The ESG Agenda and Insurance: Regulatory Developments, Goals and Limitations

IIS Executive Insights Regulation Expert: William Marcoux, WCM Advisory LLC
 

Environmental, social, and governance (ESG) issues are among the hottest topics in our industry today.  The ESG agenda is important for all enterprises, but it has unique relevance for the insurance industry.  

ESG issues go to the core of the industry’s value proposition. Insurers also have a unique multifaceted engagement with ESG issues given their role as risk financing/risk assessment experts, institutional investors, and operating companies, often with a significant global workforce and network of professional partners and customers.

The ESG agenda can drive business opportunities, enhance (or diminish) the reputation of insurers, affect balance sheet performance, and impact insurers’ relationships with policyholders, shareholders, employees (including talent recruitment), and the communities in which they operate.

In two recent International Insurance Society (IIS) Insights articles—“Embracing Today’s Opportunityand "Unlocking Tomorrows Opportunities"—Joan Lamm-Tennant discussed the value of incorporating ESG principles into the operations and governance of insurers. She provided cogent examples of how focusing on ESG goals can enhance a company’s economic performance and business prospects.

I agree with the author and know that many major insurers are now engaged in developing, establishing, enhancing, and deploying their ESG principles and goals. This is not an easy task and I think it is fair to say that wherever one is on the ESG development curve it is a fluid situation, and everyone is exploring what is best for their company.

As the author notes in “Unlocking Tomorrow’s Opportunities” motivation to incorporate ESG principles into a company is driven by many factors, including investor demands, rating agency actions, pressure from policyholders, employees, public relations, and reputational concerns.

One must add to the list of ESG drivers the growing number of regulatory and quasi-regulatory initiatives that have evolved over the past four to five years. These initiatives have accelerated markedly over the past year alone, with a proliferation of reporting requirements, stress testing, and other regulatory requirements around ESG issues. Developments in early 2021 demonstrate that this pace of change will not abate.

As a result, in addition to developing their own ESG goals, it is imperative that insurers engage with regulators on this topic. There is much that can be done to promote coordination and harmonization of regulatory requirements in this area. Careful consideration of goals and methods for achieving them will enhance the efficiency and effectiveness of ESG regulatory initiatives.

Furthermore, all must consider the lessons learned about the ability to fashion global rules for an industry that operates under a range of very different regulatory regimes and serves markets with different policyholder needs and economic prospects.

This paper notes a few of the many recent regulatory and policy developments surrounding ESG and the insurance industry and discusses some of the key opportunities they present for both regulators and the industry.
 

ESG and Insurance

The insurance industry is a relatively latecomer to the ESG agenda.
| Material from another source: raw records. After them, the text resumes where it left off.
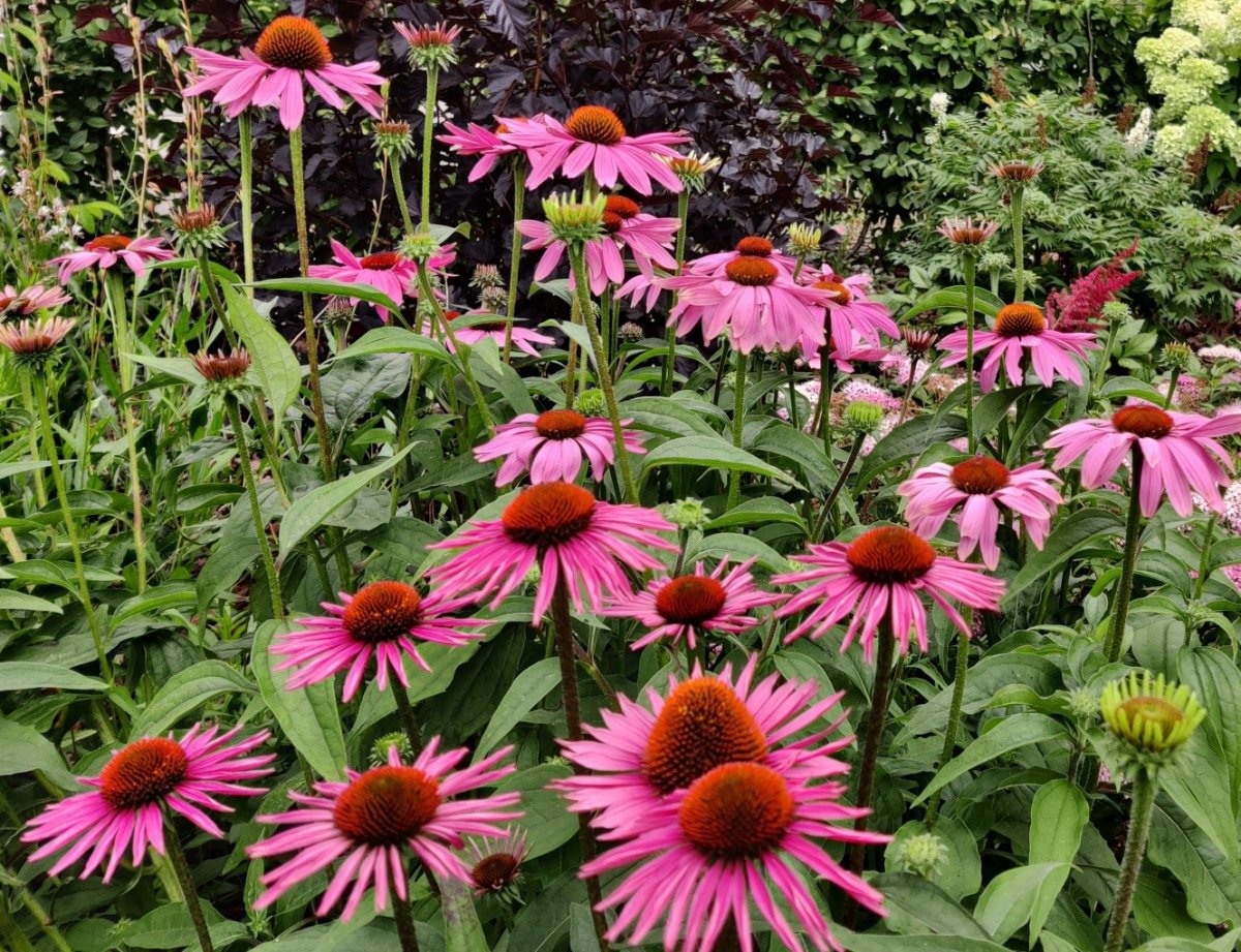 Port dressé. Feuilles ovales, pointues, rugueuses et vert sombre. Hampes raides, peu ramifiées, rougeâtres. Capitules brun orangé au centre. Ligules rose pourpré déployées à plat et rejetées vers le bas en fin de floraison.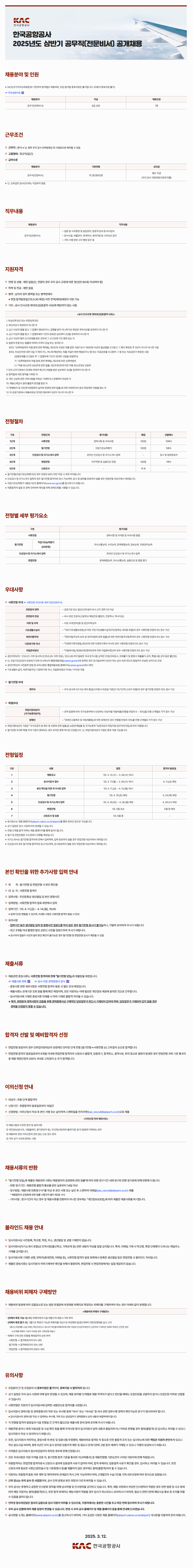 [한국공항공사] 2025년도 상반기 신입직원 채용공고 (~03/26)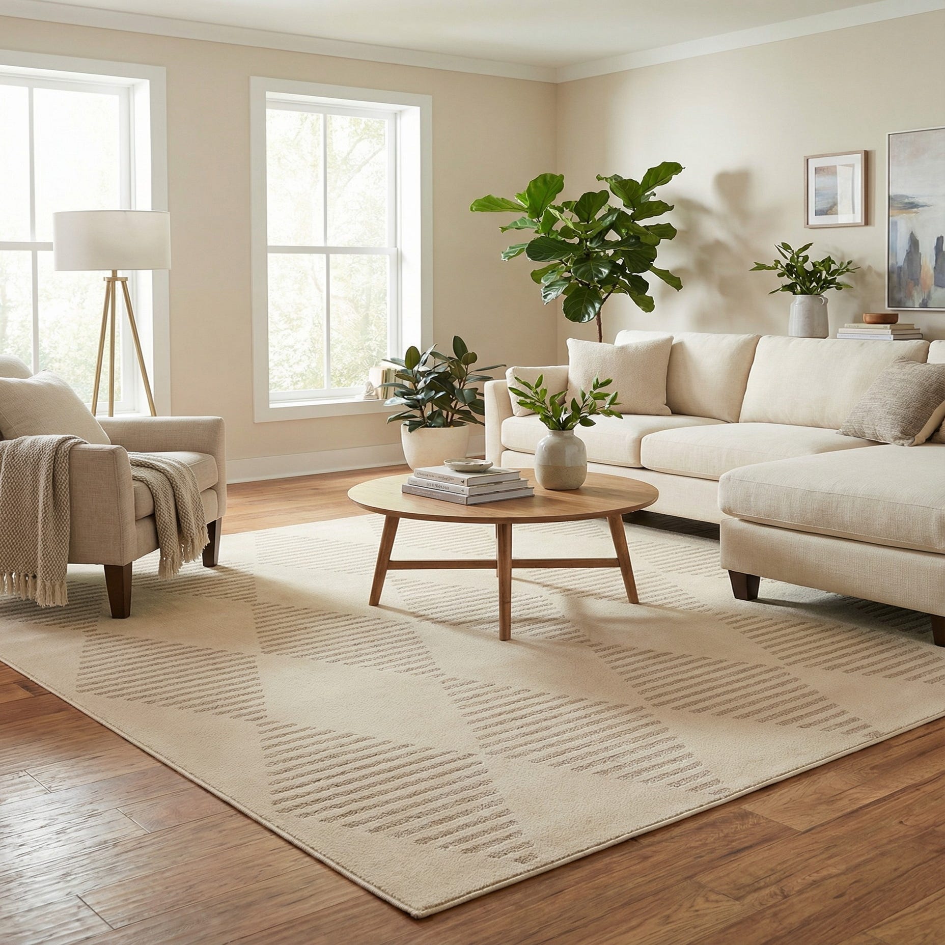 Primary color is Ivory. Colors in this rug include: Ivory, Light Brown.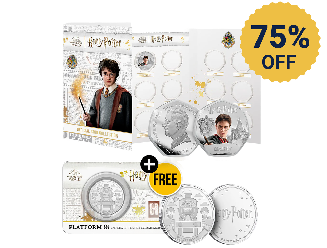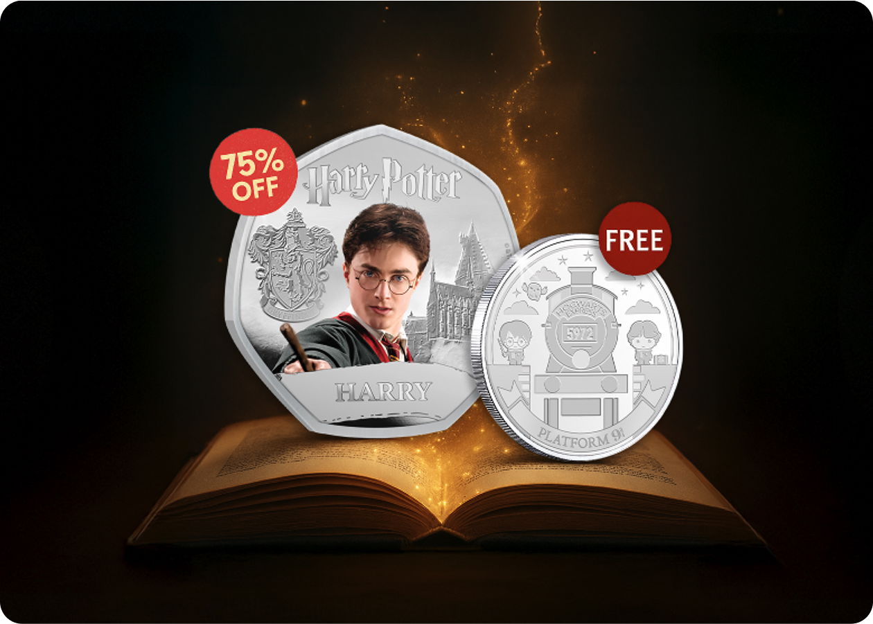 Begin your magical collection today with the Officially Licensed Harry Potter Coin, + a FREE Platform 9¾ Coin.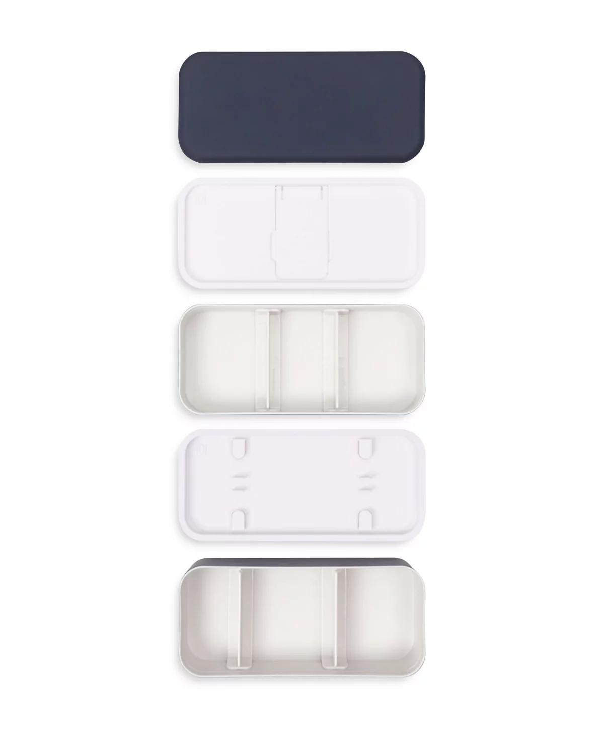 Dimensions 7.4"L x 3.4"W x 3.4"H. Set includes: four storage compartments, two storage lids, two storage straps. Storage compartments feature adjustable dividers for power bricks chargers and cables. One storage lid holds two Apple Watchbands and an Apple Pencil or Stylus. Second storage lid features a built-in SmartPhone stand (iPhone 8 and later). One large premium silicone strap keeps everything secure when mobile. Second smaller premium silicone strap is included for securing just one compartment. 1-year warranty. Imported.

While some major insurers (primarily European) were early supporters, it is only in the past few years that the topic has  gained real traction within the insurance sector.  Indeed, just in in the past 12 months, insurance industry engagement on ESG issues has skyrocketed, particularly within the United States.

ESG principles and goals, however, have been around for decades, though, with leading voices coming from the asset management industry. In many countries, business enterprises have long had a legal duty of care to employees, customers, communities, and society at large. In contrast, generally well-established U.S. corporate law provides that a company’s duty is to maximize value for its shareholders. (The important debate over short-term versus long-term shareholder value and the role that ESG factors have in increasing shareholder value are beyond the scope of this article.)
 

Regulatory Developments

Insurance regulatory efforts around ESG issues have evolved dramatically over the past few years.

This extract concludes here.